En 2024, el Supremo vuelve a insistir en ello en sentencia de unificación, negando viudedad cuando no consta inscripción ni documento público, aunque exista convivencia prolongada.

Y el Tribunal Constitucional también ha respaldado que la inscripción o el documento público sean un requisito constitutivo para este derecho, sin que ello vulnere el principio de igualdad, al perseguir una finalidad legítima de seguridad jurídica y acreditación “externa” de la pareja.


5) ¿Y si la Administración “sabe” que éramos pareja? (Libro de familia, empadronamiento, etc.)

Este es el error más frecuente.

En muchos casos existen pruebas contundentes de vida común: empadronamiento, hija, cuentas, hipoteca, incluso testamento… Pero el esquema legal es muy rígido: eso puede demostrar convivencia, pero no suple la formalización exigida para la viudedad como pareja de hecho.

Por eso, el TSJCLM concluye que, aunque la convivencia estuviera clara, la ausencia de publicidad formal (registro o documento público) impide el reconocimiento de la pensión.


6) Qué hacer para evitarlo (y qué revisar si el fallecimiento ya ocurrió)

Si estáis conviviendo y queréis estar cubiertos

  • Inscribíos como pareja de hecho (registro autonómico o municipal) o
  • otorgad escritura pública de constitución.
  • Y no lo dejéis “para más adelante”: la ley exige 2 años de antelación.

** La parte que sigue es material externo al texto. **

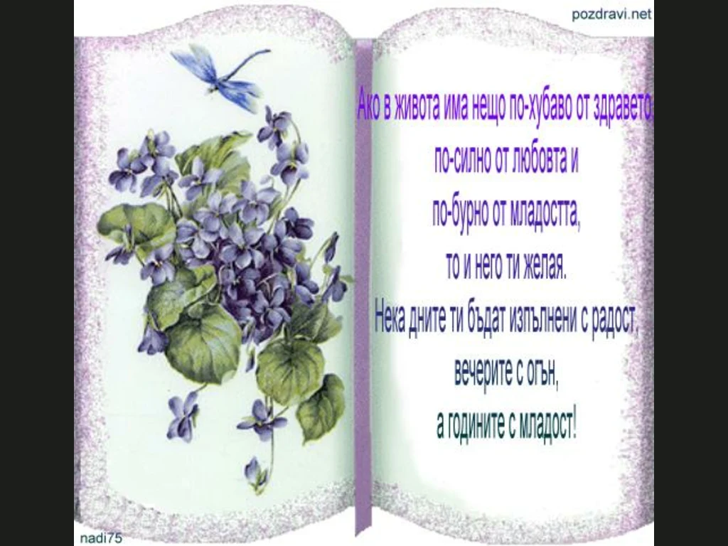 Поздрави за рожденици. Пожелания за рожден ден. Ако в живота има нещо по-хубаво от здравето, по-силно от любовта и по-бурно от младоста, то и него ти желая. Нека дните ти бъдат изпълнени с радост, вечерите с огън, а годините с младост!

Si el fallecimiento ya se produjo y la pensión fue denegada

No todos los casos son idénticos. Puede haber vías excepcionales (por ejemplo, supuestos transitorios como los regulados en la Disposición adicional 40ª de la LGSS, con requisitos y plazos muy concretos), pero también exigen acreditar la pareja en los términos del art. 221.2.


Conclusión

La STSJ CLM 150/2025 es una advertencia práctica: en materia de viudedad, la pareja de hecho es una realidad social muy extendida, pero el derecho a la pensión está ligado a una condición formal.

Convivir muchos años (incluso con hijos) no siempre basta si no se cumplió el requisito de inscripción o documento público con la antelación legal.